葡萄冷链品质的时间-温度指示器模糊推理预测

为了验证和评价变温环境下时间-温度指示器(TTI)响应值预测农产品品质的适用性,构建了TTI模糊推理预测方法。TTI模糊推理预测是依据拟合程度高的恒温试验农产品品质实际变化经验方程,以及尽可能准确描述任意有效温度与恒温温度之间关系的隶属度函数构建预测模型,实现对任意有效温度下农产品品质预测值计算。同时设置了高低温变温试验模拟鲜食葡萄冷链物流温度特征,用上述方法对Vitsab M25-2、OnVu TTI预测玫瑰香葡萄硬度进行了参数估计与模型建立,并与TTI动力学预测值进行了对比。结果表明,面向鲜食葡萄品质感知的TTI模糊推理预测在低温下相对于TTI动力学预测有所改进,平均相对偏差分别减小了6.03个百分点和2.70个百分点;在高温下没有改进。因此在低温下可选择模糊推理预测方法。

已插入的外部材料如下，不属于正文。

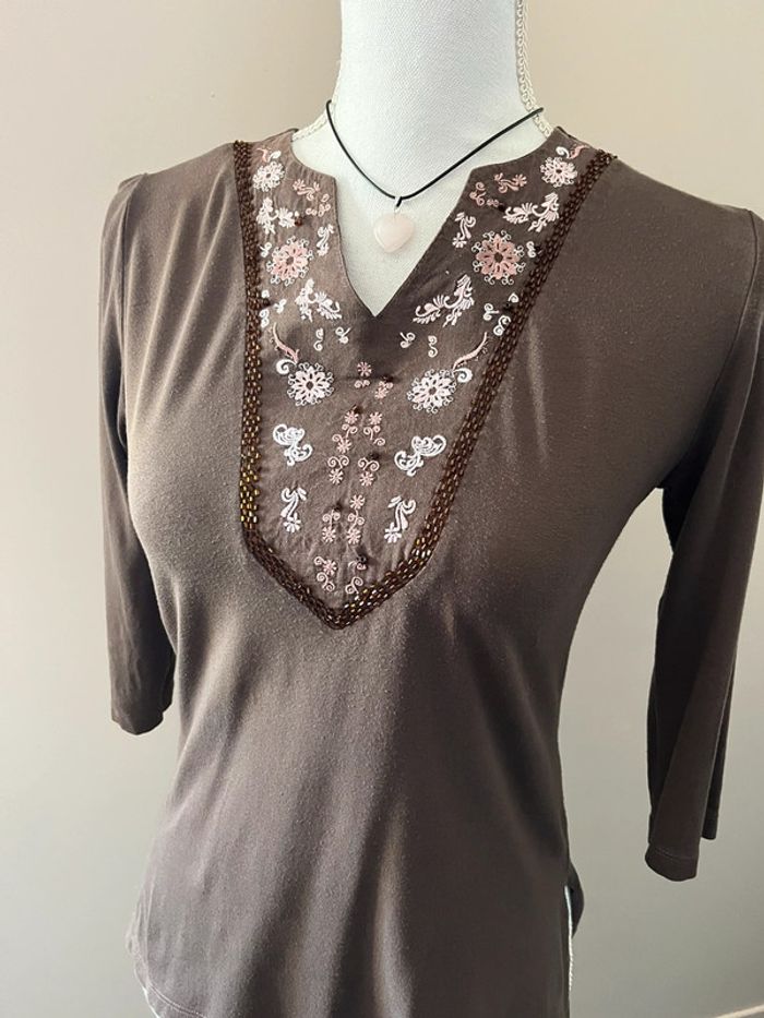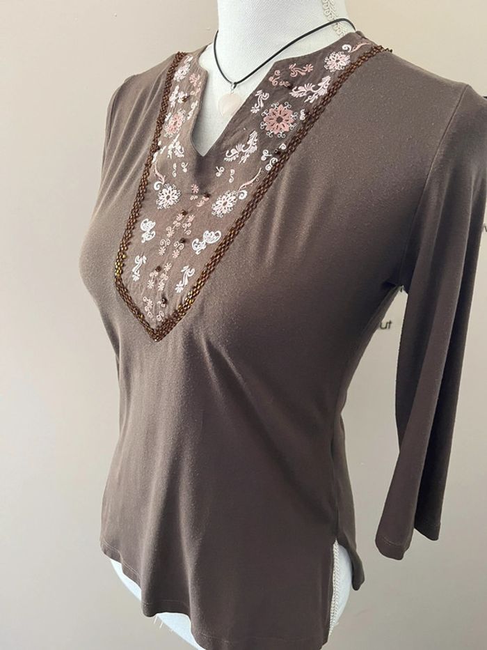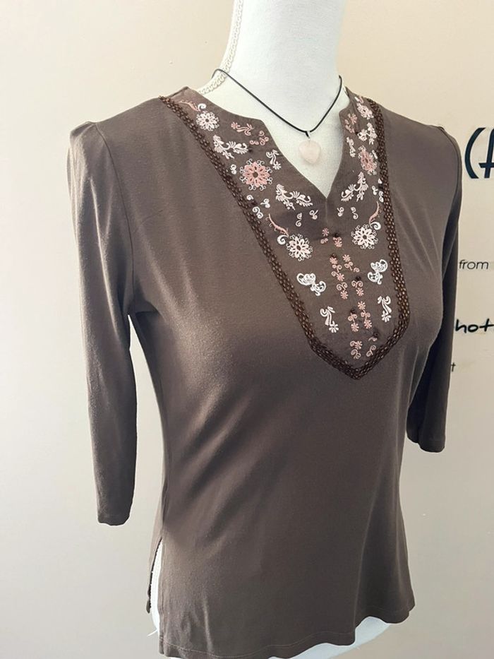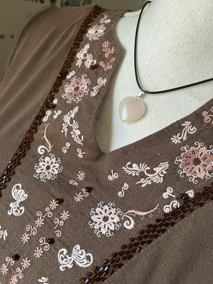 Blouse Caroll marron viscose et coton brodé motif fleurs - photo numéro 2
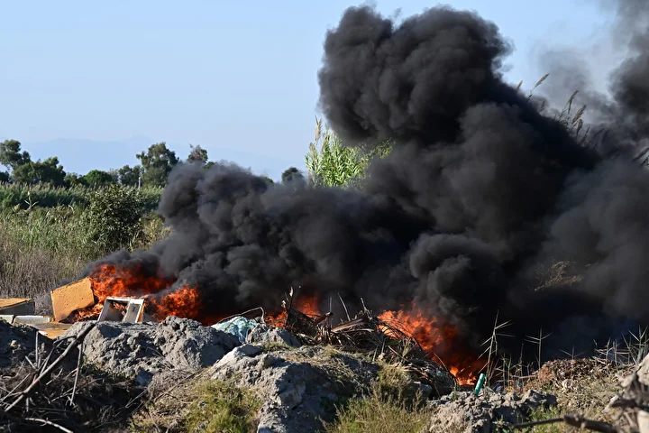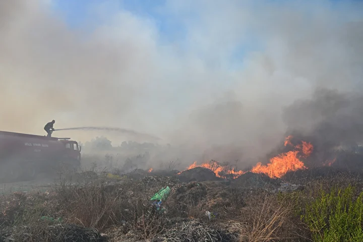 Antalya'nın Aksu ilçesinde çöp ve molozların bulunduğu alanda çıkan yangın ekiplerce söndürüldü.
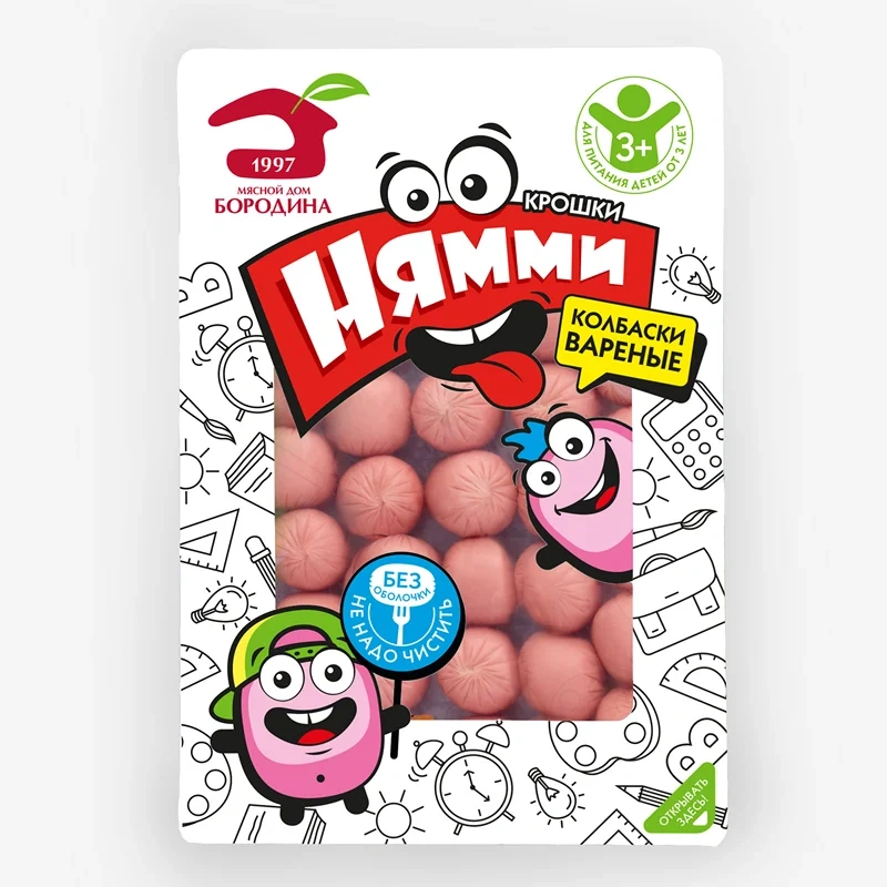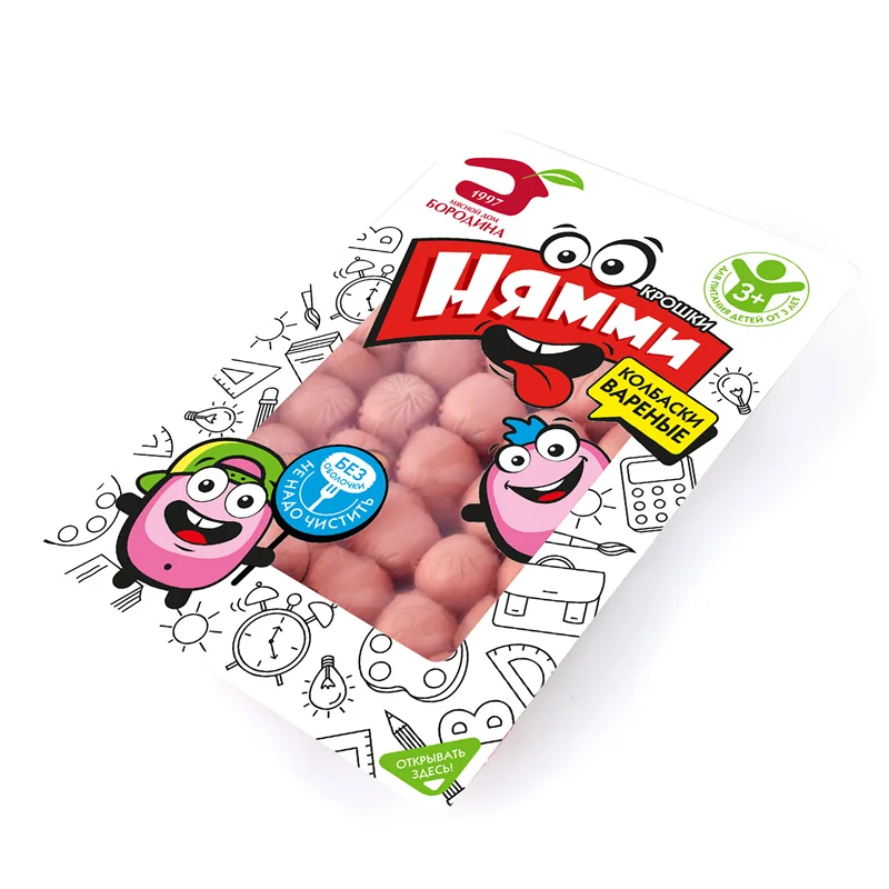 Колбаски Мясной дом Бородина вареные Крошка Нямми, 240г созданы специально для детей. Питательный мясной продукт приготовлен из натуральной свинины, говядины и мяса птицы. Колбаски не содержат усилителей вкуса, сои и ГМО. Продукт прекрасно утоляет голод, заряжая ребенка энергией. Аккуратные колбаски округлой формы находятся в специальной полиэтиленовой упаковке. Продукт сочетается с различными гарнирами и не требует варки.
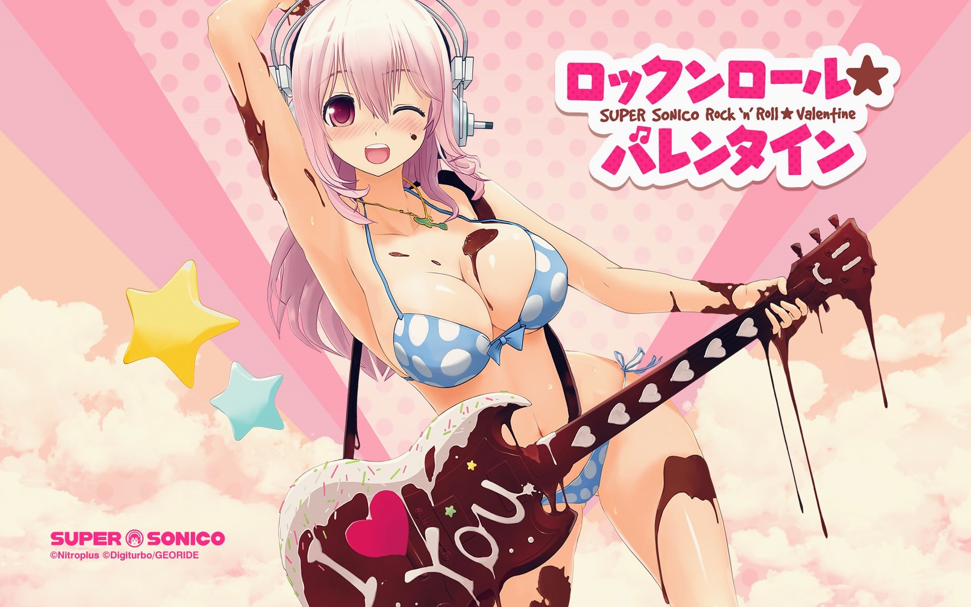 Очаровательная девушка с большой грудью в бикини, с шоколадной гитарой, I love you надпись на гитаре из шоколада, сладкая девушка, розовые волосы, девушка в голубом лифчике с классными сиськами и в наушниках, розовые облака.
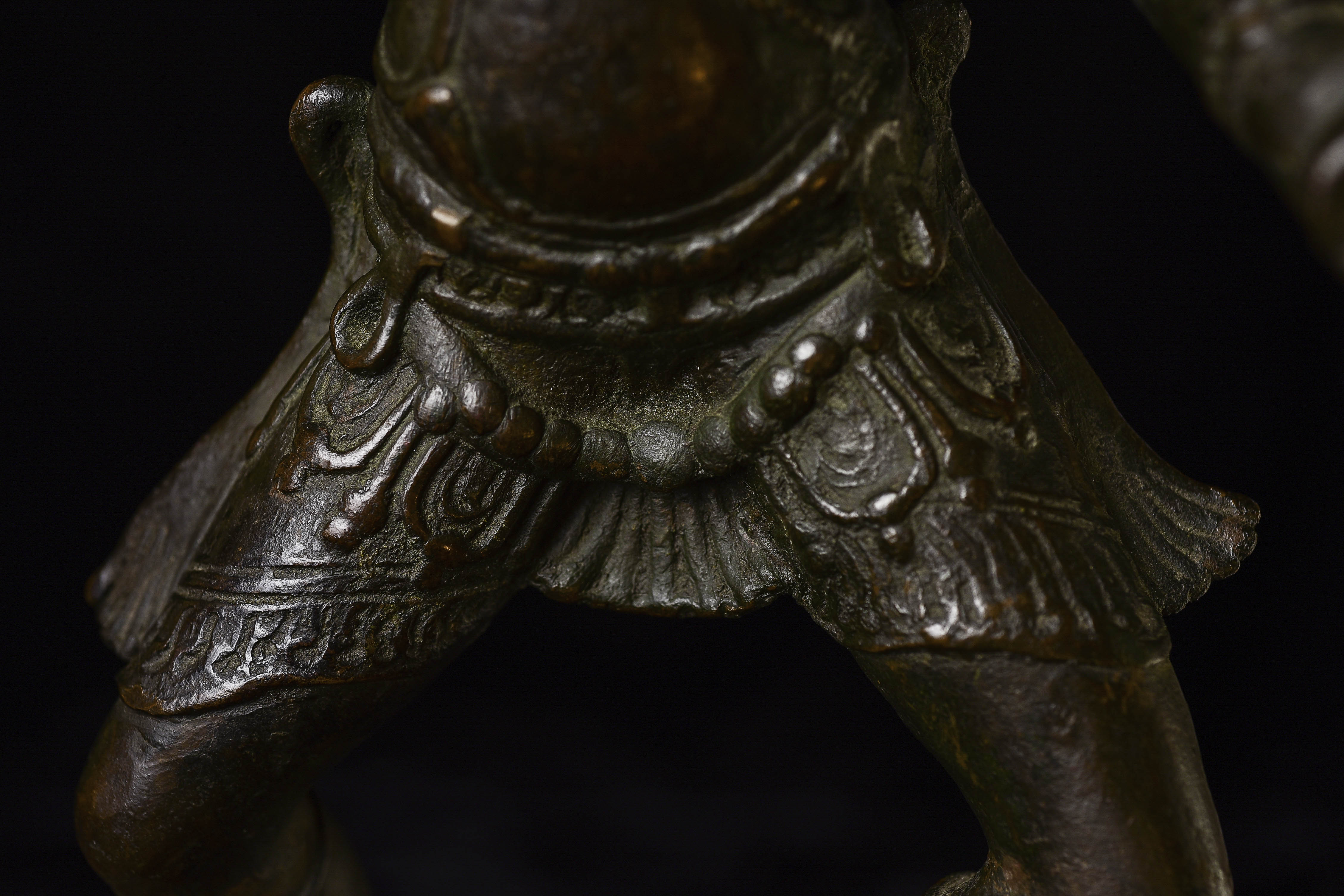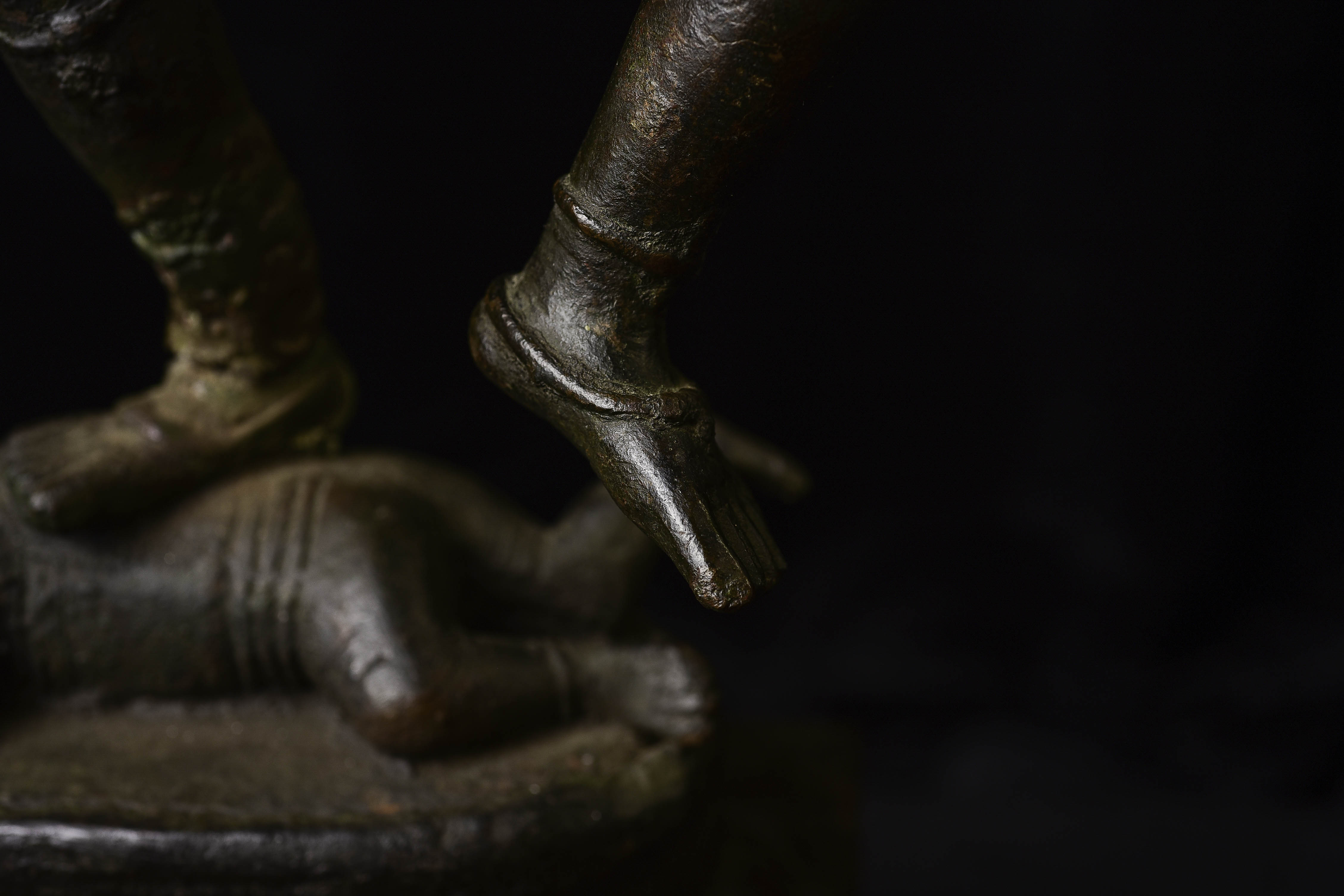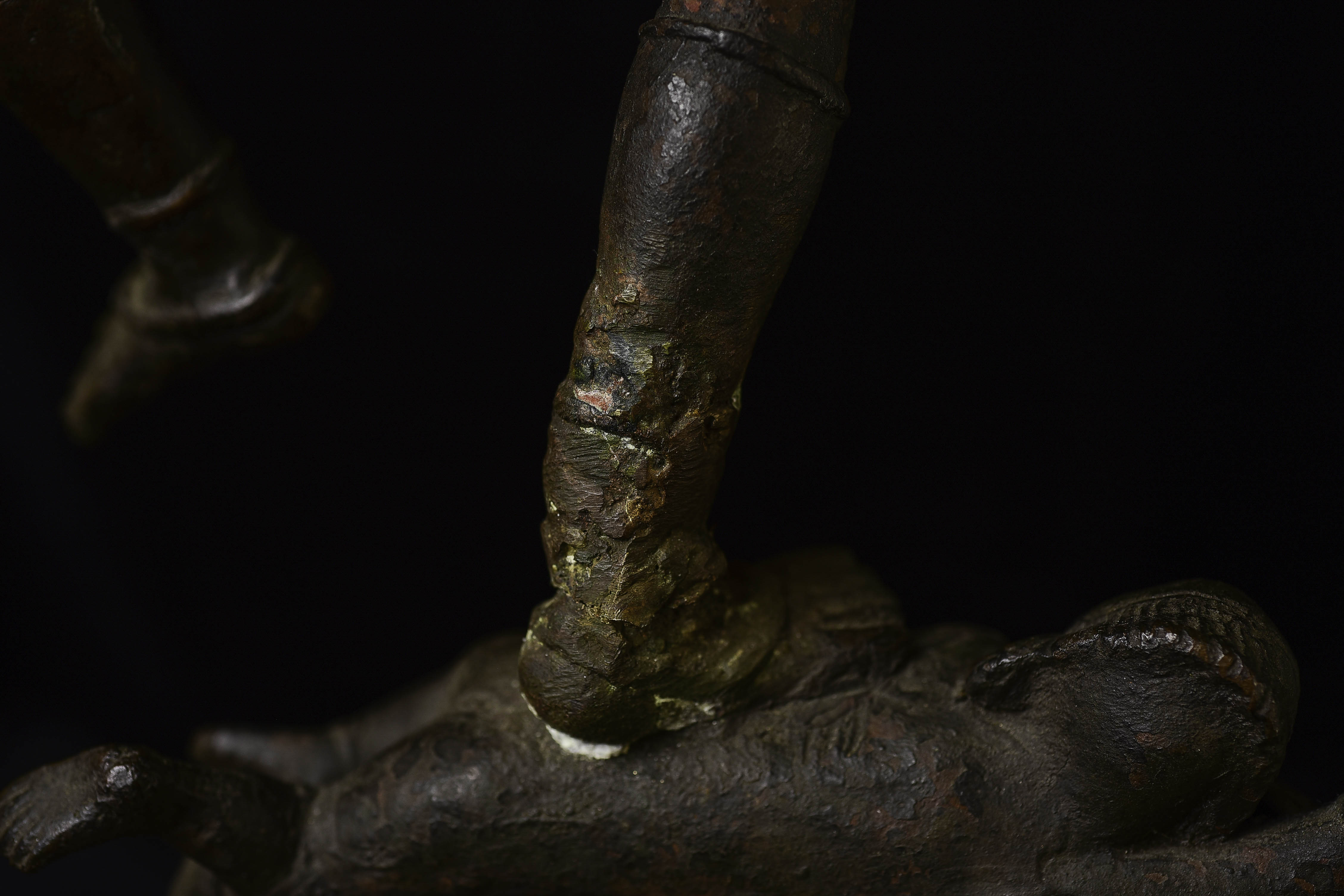 Other than the crude repair to the ankle, which could use to be redone at some point (though it serves just fine right now), the sculpture is in great shape. it may be slowly leaning to the right due to the weight of the sky figure over time. a simple fix to this is to put a small shim under the right Underside of the bottom of the base. this could also be corrected if the ankle was ever repaired.
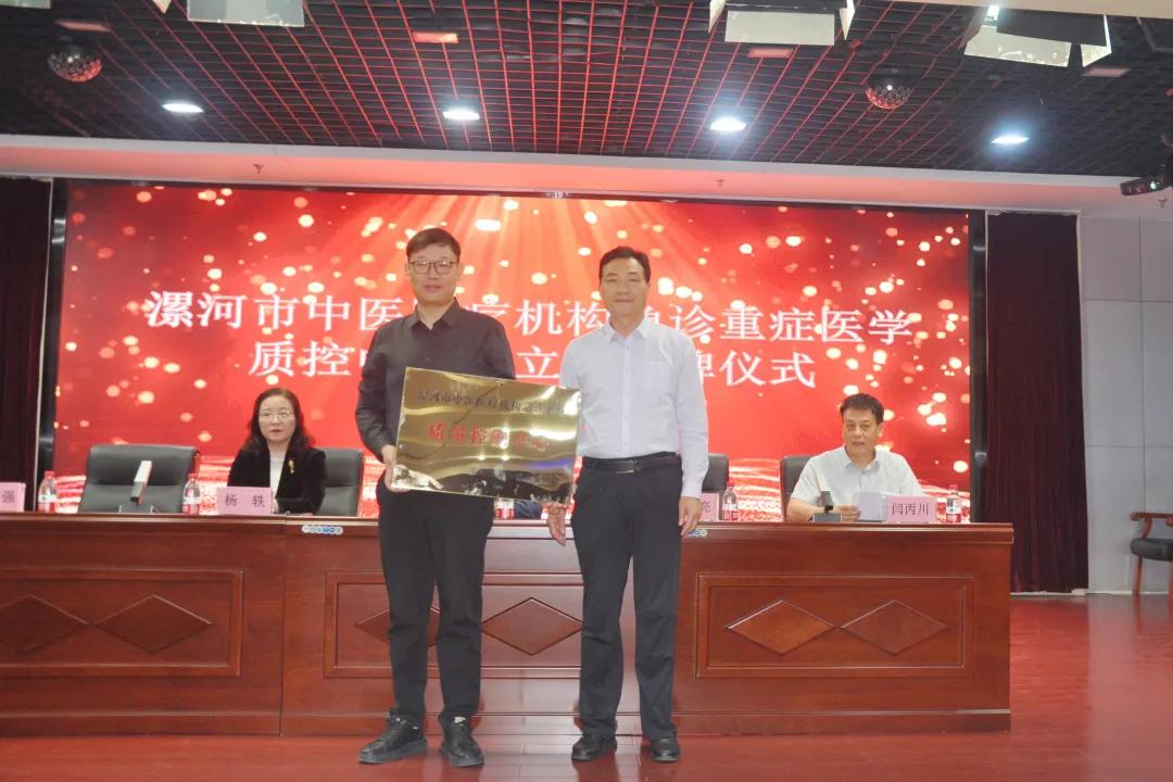 漯河市衛(wèi)健委四級(jí)調(diào)研員黃紅亮宣讀《關(guān)于變更市級(jí)中醫(yī)醫(yī)療機(jī)構(gòu)急診重癥醫(yī)學(xué)質(zhì)量控制中心主任、副主任、專職秘書名單的通知》并現(xiàn)場(chǎng)授牌。

Time-Temperature Indicator Fuzzy Reasoning Prediction for Grape Cold Chain Quality Sensing

With the aim to validate and accurately evaluate the applicability of time-temperature indicator (TTI) application at variable temperatures, a prediction method based on the fuzzy reasoning was built. The method was on the basis of quality experience equation of the monitored products at constant temperature experiment, which could be chosen from polynomial equation, the n-th reaction kinetic equations or other equations according to the fitting coefficients. The key of this method was to build exact membership functions between arbitrate effective temperature and the constant temperature in order to obtain the predicted value at arbitrate effective temperature. The method was analyzed about Muscat Hamburg grape, Vitsab M25-2 and OnVu TTI through two fluctuant temperature experiments simulating temperature characteristics of table grape cold chain logistics. Triangle membership function was chosen in the prediction based on the fuzzy reasoning. The table grape quality predicted values based on the fuzzy reasoning and the kinetics model were compared with the actual measured values. Results showed that the TTI prediction method based on fuzzy reasoning at low fluctuant temperature made improvements (6.03 percentage points and 2.70 percentage points) vs TTI prediction method based on the reaction kinetics equations, whereas made no improvements at high fluctuant temperature. Therefore, TTI prediction method based on fuzzy reasoning could be chosen at low temperature based on the principle of merit.